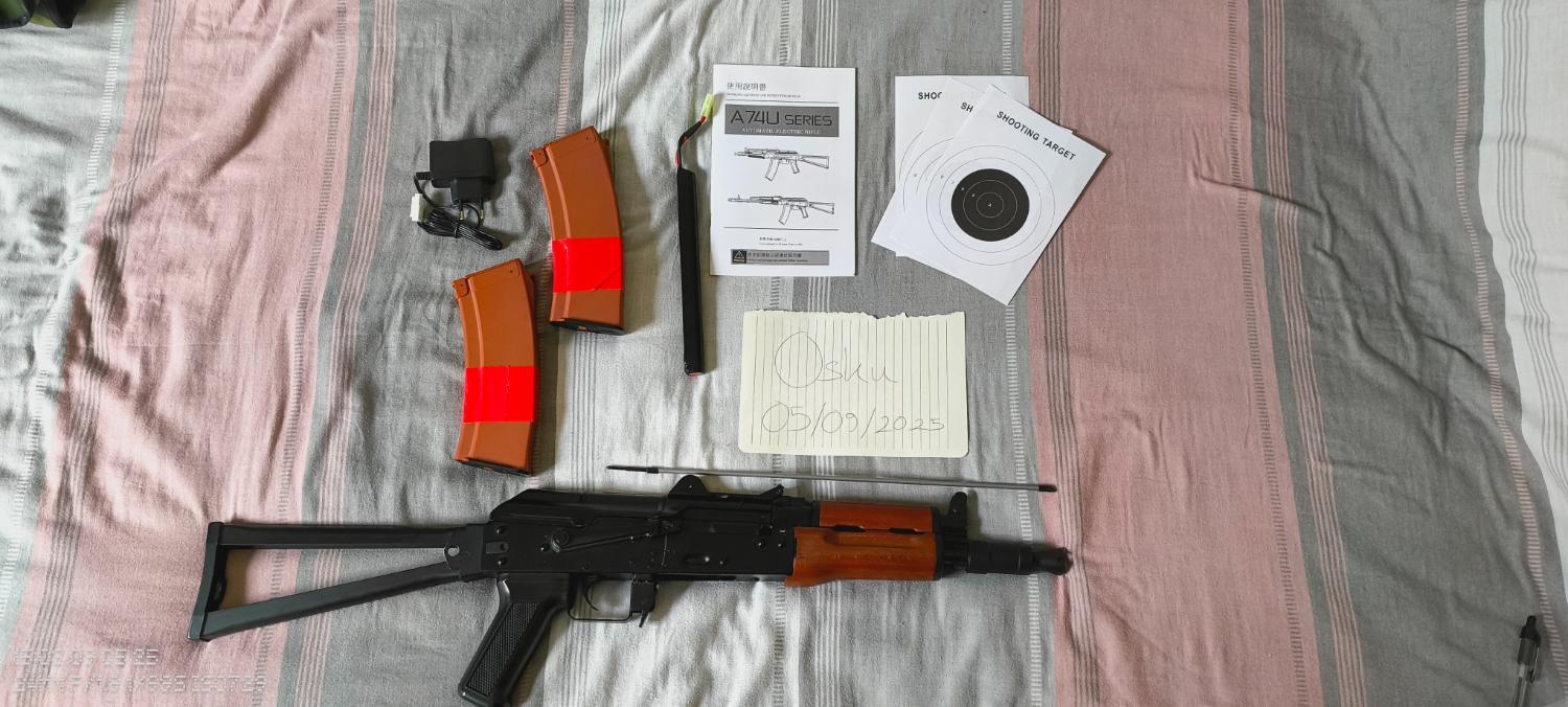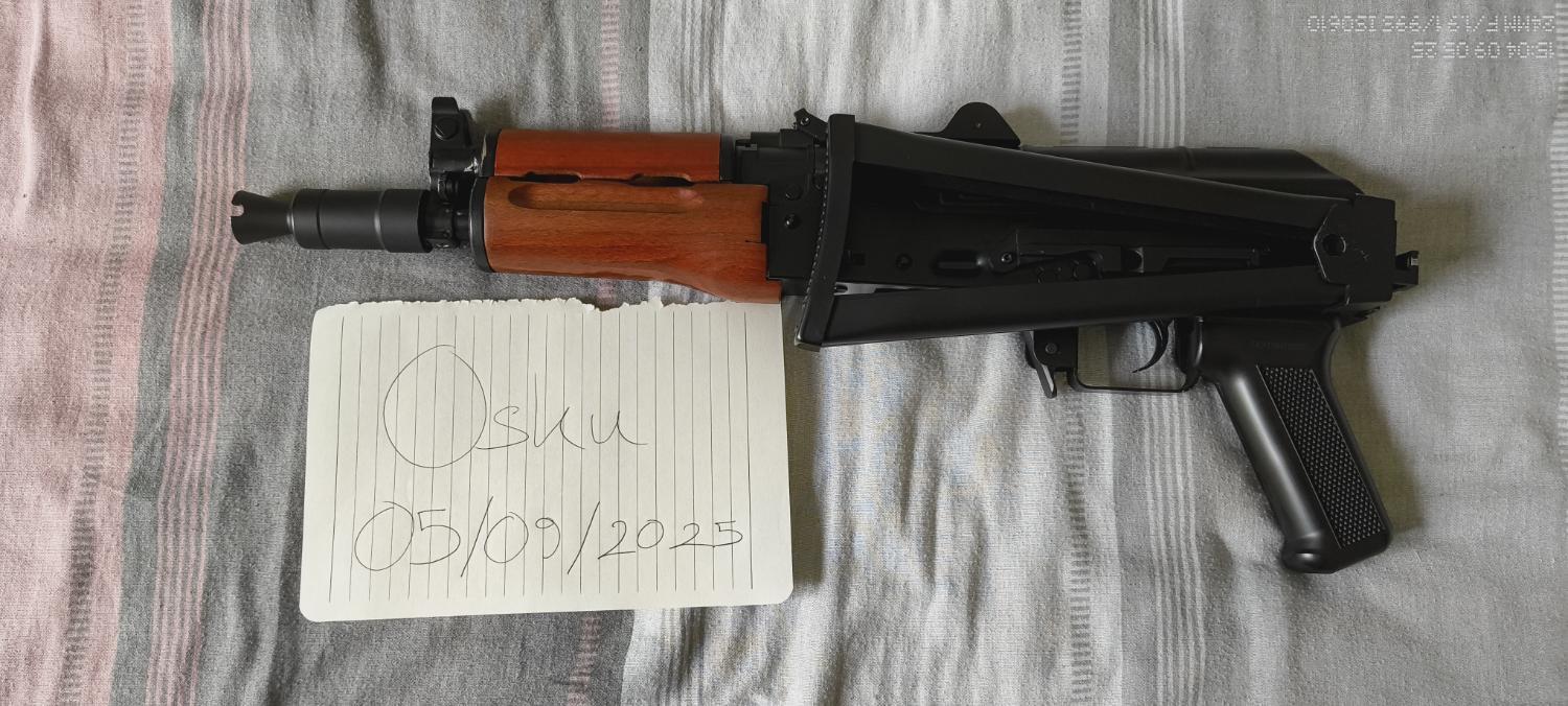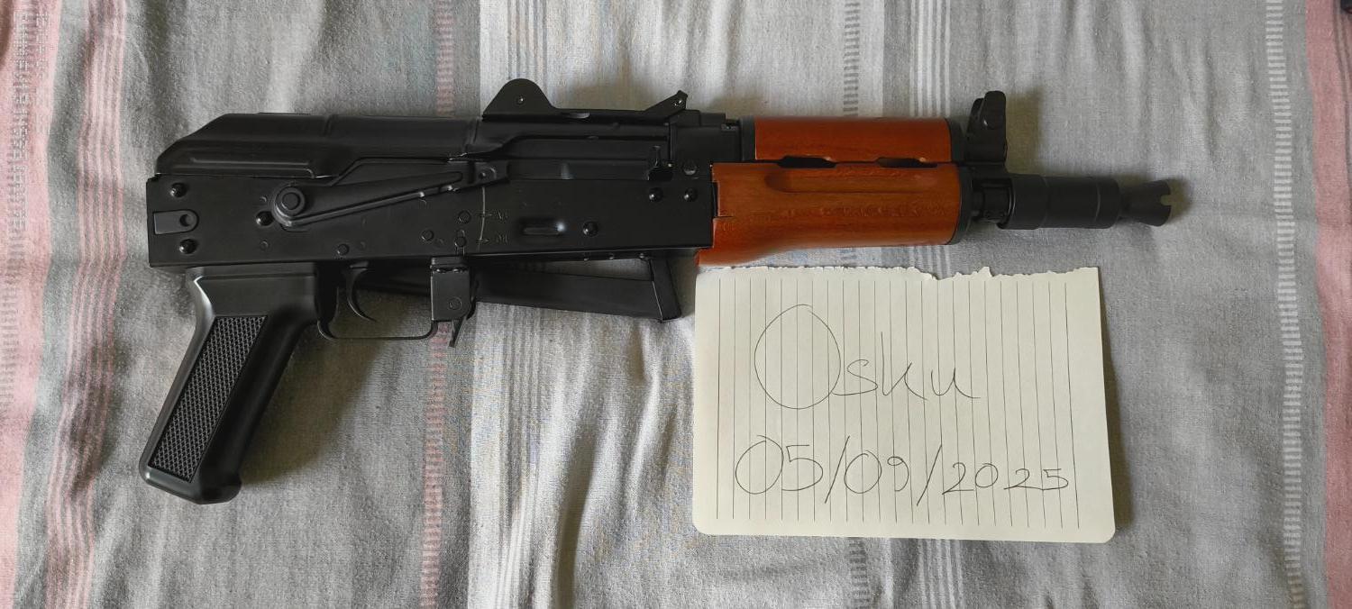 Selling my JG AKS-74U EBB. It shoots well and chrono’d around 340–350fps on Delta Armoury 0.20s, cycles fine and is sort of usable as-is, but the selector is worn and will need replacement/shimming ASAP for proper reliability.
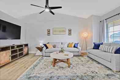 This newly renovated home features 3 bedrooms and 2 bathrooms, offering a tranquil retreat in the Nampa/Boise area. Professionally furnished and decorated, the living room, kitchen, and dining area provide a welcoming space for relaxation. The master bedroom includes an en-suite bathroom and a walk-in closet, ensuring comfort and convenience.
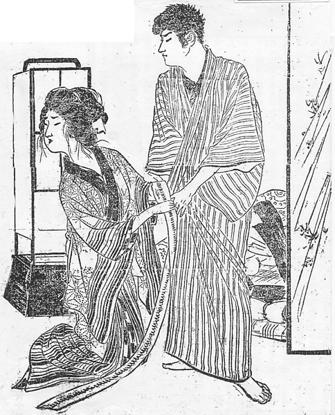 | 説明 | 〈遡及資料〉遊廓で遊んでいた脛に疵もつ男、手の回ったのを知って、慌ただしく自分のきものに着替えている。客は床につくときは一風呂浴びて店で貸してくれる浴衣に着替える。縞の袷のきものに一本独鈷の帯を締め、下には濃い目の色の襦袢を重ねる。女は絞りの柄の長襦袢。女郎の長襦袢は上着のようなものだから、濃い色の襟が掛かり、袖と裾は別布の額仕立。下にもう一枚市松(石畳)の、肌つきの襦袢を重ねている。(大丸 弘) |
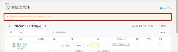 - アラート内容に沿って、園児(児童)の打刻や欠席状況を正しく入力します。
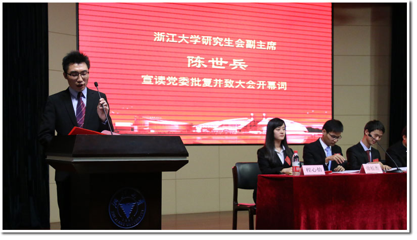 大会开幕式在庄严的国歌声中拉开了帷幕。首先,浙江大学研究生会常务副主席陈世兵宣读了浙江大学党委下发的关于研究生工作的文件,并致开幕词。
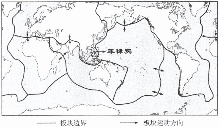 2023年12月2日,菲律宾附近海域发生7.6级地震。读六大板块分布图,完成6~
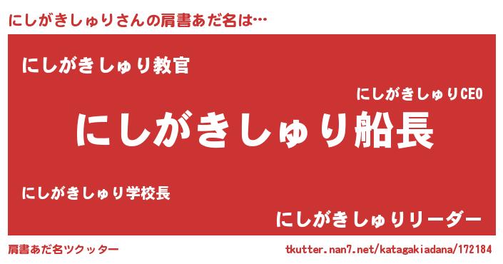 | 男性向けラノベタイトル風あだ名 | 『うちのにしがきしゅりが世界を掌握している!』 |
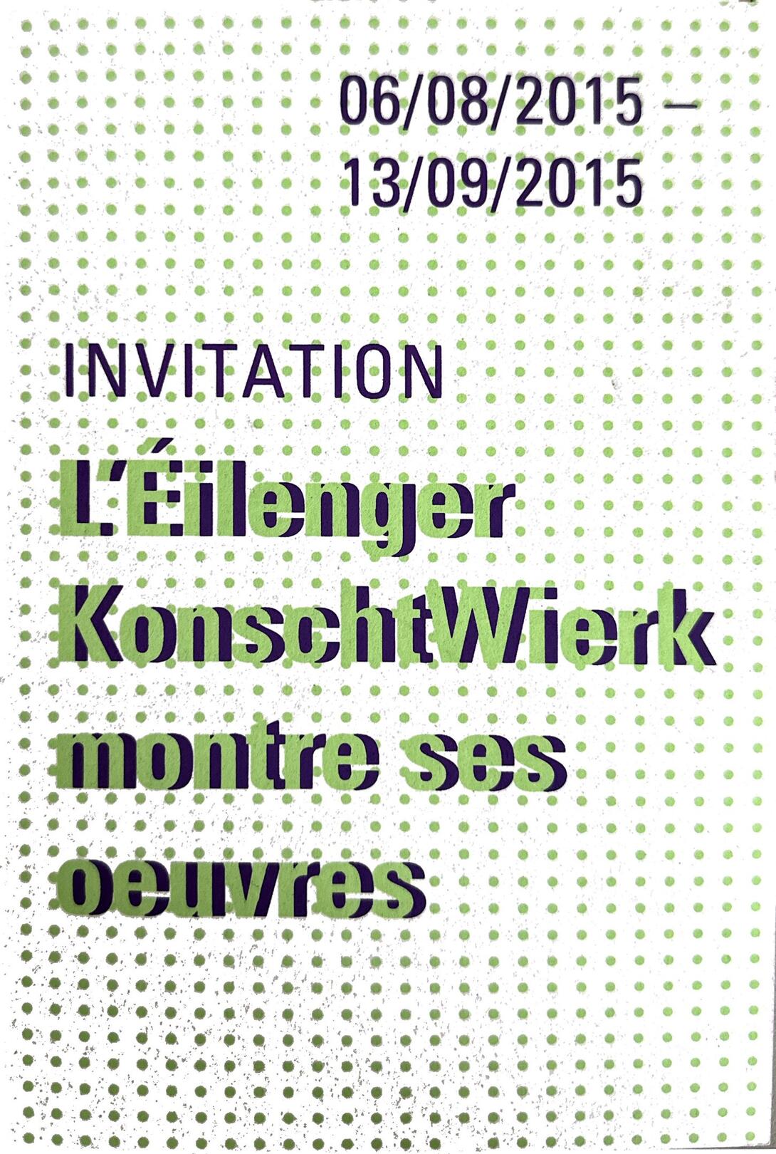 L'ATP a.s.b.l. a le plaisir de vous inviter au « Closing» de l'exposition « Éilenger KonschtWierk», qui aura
----------
__WORK TASK__
The listing above must be given again exactly, minus its pictures.

__SOLUTION FOR THIS TASK__
 Selling my JG AKS-74U EBB. It shoots well and chrono’d around 340–350fps on Delta Armoury 0.20s, cycles fine and is sort of usable as-is, but the selector is worn and will need replacement/shimming ASAP for proper reliability.
 This newly renovated home features 3 bedrooms and 2 bathrooms, offering a tranquil retreat in the Nampa/Boise area. Professionally furnished and decorated, the living room, kitchen, and dining area provide a welcoming space for relaxation. The master bedroom includes an en-suite bathroom and a walk-in closet, ensuring comfort and convenience.
 | 説明 | 〈遡及資料〉遊廓で遊んでいた脛に疵もつ男、手の回ったのを知って、慌ただしく自分のきものに着替えている。客は床につくときは一風呂浴びて店で貸してくれる浴衣に着替える。縞の袷のきものに一本独鈷の帯を締め、下には濃い目の色の襦袢を重ねる。女は絞りの柄の長襦袢。女郎の長襦袢は上着のようなものだから、濃い色の襟が掛かり、袖と裾は別布の額仕立。下にもう一枚市松(石畳)の、肌つきの襦袢を重ねている。(大丸 弘) |
 - アラート内容に沿って、園児(児童)の打刻や欠席状況を正しく入力します。
 大会开幕式在庄严的国歌声中拉开了帷幕。首先,浙江大学研究生会常务副主席陈世兵宣读了浙江大学党委下发的关于研究生工作的文件,并致开幕词。
 2023年12月2日,菲律宾附近海域发生7.6级地震。读六大板块分布图,完成6~
 | 男性向けラノベタイトル風あだ名 | 『うちのにしがきしゅりが世界を掌握している!』 |
 L'ATP a.s.b.l. a le plaisir de vous inviter au « Closing» de l'exposition « Éilenger KonschtWierk», qui aura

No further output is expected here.